Hera Oktadiana, an associate professor at James Cook University whose research focuses on tourism in Indonesia, said younger tourists were becoming more socially and environmentally aware and government and industry needed to take note.

Dr Oktadiana said transparency around the Komodo project was lacking and more needed to be done to involve local communities in the process – a vital part of any sustainable tourism project.

According to Cypri Jehan Paju Dale of Kyoto University, by converting the fragile ecosystem into a mass-tourist destination with a target of more than 1 million visitors a year, the government is prioritising business over conservation.

Under the plan, tourism will be concentrated on Rinca, one of the park’s islands, at a Jurassic Park-inspired development.
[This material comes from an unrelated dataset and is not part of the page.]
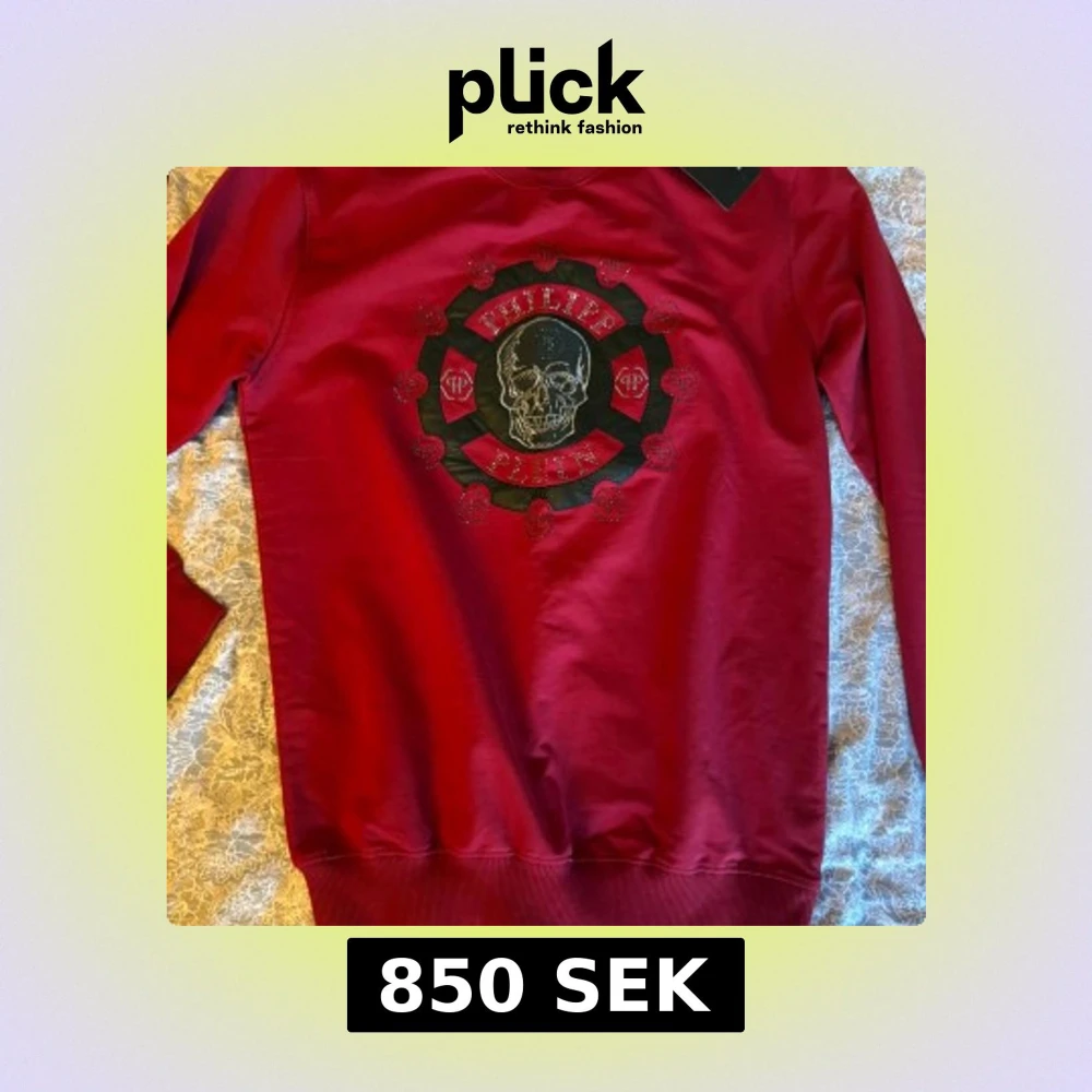 Cool röd sweatshirt från Philipp Plein med stort döskalletryck och logga framtill. Tröjan har långa ärmar, ribbade muddar och detaljer i svart och silver. Perfekt för dig som vill sticka ut med en edgy stil. Finns alla 4 storlekar

A Komodo dragon on Komodo Island.

Komodo National Park is the only remaining habitat of the endangered giant lizards known as Komodo dragons. Photo: 123rf

Dr Dale, a researcher of tourism development at Komodo National Park, said he was also concerned the livelihoods of local small-scale tourism providers were at risk because some large companies had been granted permission to develop and operate exclusively within the park.

“[This] creates conflicts of resource use between these companies and local communities, [and] smaller companies or individuals who work in conservation under the framework of community based tourism,” Dr Dale said.

He said the project lacked a coherent conservation management plan and he feared the development could destroy important habitat for the endangered lizards.

“It is not the way to go to build the tourism industry by granting concessions to several companies inside the habitat of the Komodo dragon,” he said.

“This is one of the principles of sustainable tourism; you can get benefit from the ecosystem … if you maintain it.”

Indonesian Minister for Tourism Sandiago Uno said the government planned to consult with local communities in the coming months.

He said an increase in entry fees would be used to fund conservation projects, and cooperation with local tourism businesses was a priority.

“The government wants conservation and the economy through tourism to run in balance,” Uno said.

International tourism across the globe is expected to reach pre-pandemic levels within the next three years, Maclaren said.

“So, when that occurs, did we put the infrastructure in place to deal with that volume of people? And did we create the awareness [that] being there its a privilege, [not a right]?”